Tucker Carlson highlighted one of Strangio’s recent tweets, which said, “Also stopping the circulation of this book and these ideas is 100% a hill I will die on.” Strangio later complained it was meant to be a joke and deleted the tweet, but what else would an objective observer walk away with after a lawyer for the ACLU declared a book dangerous, fueled by “fear of our existence,” and articulated a belief in wanting such books to have no market at all?

Strangio tweeted, “What these people are doing to me is going to put me in danger. They think its [sic] all fun and games but have no idea what its like to actually be trans in the world they are creating.”

Strangio might fit the traditional understanding of gender dysphoria, a persistent and distressing discomfort in one’s biological sex from childhood forward, but what Shrier explores in her book are stories of young girls who suddenly and in groups of friends announce their new trans identity and begin pursuing permanent physical changes without parental knowledge or consent.

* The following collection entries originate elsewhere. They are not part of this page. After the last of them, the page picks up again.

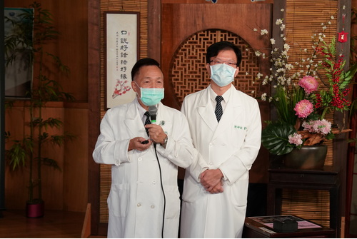 左圖:急診部主任陳坤詮推崇恩師胡勝川教授(左)在臺灣急診醫學上的貢獻。(陳炳宏攝)
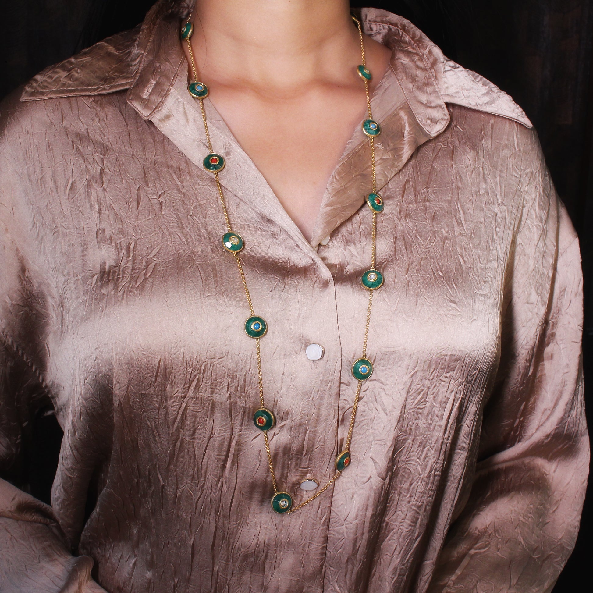 A timeless blend of tradition and elegance, this long necklace features round green enamel accents with intricate Kundan detailing. The lightweight chain drapes gracefully, making it a versatile piece for both casual and festive wear.
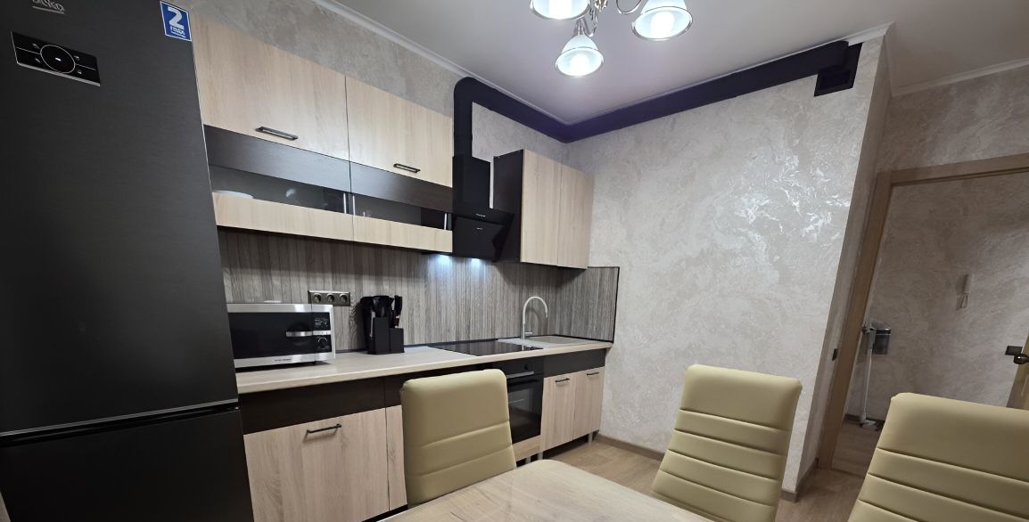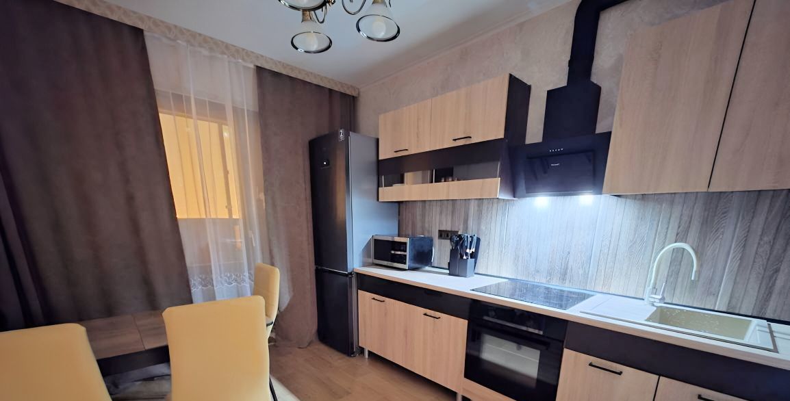 В квартире сделан качественный евроремонт. Все комнаты полностью меблированы, что позволяет сразу же въехать и комфортно жить. На кухне и в комнате установлена современная мебель. В наличии вся необходимая техника: холодильник, телевизор и стиральная машина. Ванная комната оборудована душевой кабиной. Окна выходят на улицу, обеспечивая хорошее естественное освещение. Также имеется балкон, где можно наслаждаться свежим воздухом.

Shrier did not write a “dangerous polemic” criticizing or dismissing transgender identity. She wrote a book on the effects of a social contagion and how it has destroyed the lives of young women and their families, explaining how LGBT and transgender activists silence any discussion of this.

It seems the core of Strangio’s complaint is viewing personal experiences through the perspective of how others view him. Using fear and urgency, Strangio positions transgender people’s lives as though they hang in the balance of how other people think about transgender issues and the negative influence Shrier’s book could have on them.

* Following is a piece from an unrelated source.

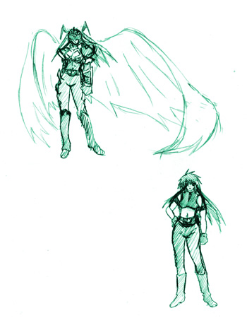 フェザーが無くても飛行できる、カードを用いて戦う等、他の空戦メードとは一線を画した戦闘スタイルを取る。

Strangio was born female and transitioned, adopted a new name and a new legal gender, pursued a legal career, and achieved a successful position fighting for Strangio’s beliefs for the largest civil rights group in America. Yet as Shrier points out in the Carlson interview, we’re supposed to believe Shrier’s one single book, the only one in existence on this specific subject, personally threatens Strangio’s “transness”?

A movement that can marginalize and silence viewpoints it finds threatening is not a victimized group. More to the point, what Strangio is effectively arguing here is that the personal identities of all transgender people cease to exist when directly observed without a lens of gender-affirmative theory.

In “Irreversible Damage,” Shrier speaks with transgender people, their families, both conservatives and progressives, and medical professionals, and comes away with a clear understanding of what gender dysphoria is and what it is not. For a movement that struggles to define itself and its wants, this book is a positive development.

This debacle is profoundly disturbing and frustrating. The passion of a person’s insecurities should not dictate what other people read and share. Activists must stop constantly portraying themselves and thus the transgender movement as mentally fragile and emotionally unstable.

Whether Strangio and other LGBT activists like it, a huge market for critical thinking and honest discussions surrounds these issues. Meanwhile, they continue bullying businesses into removing content through fear tactics and threats of persecution rather than by countering the message with their own better one.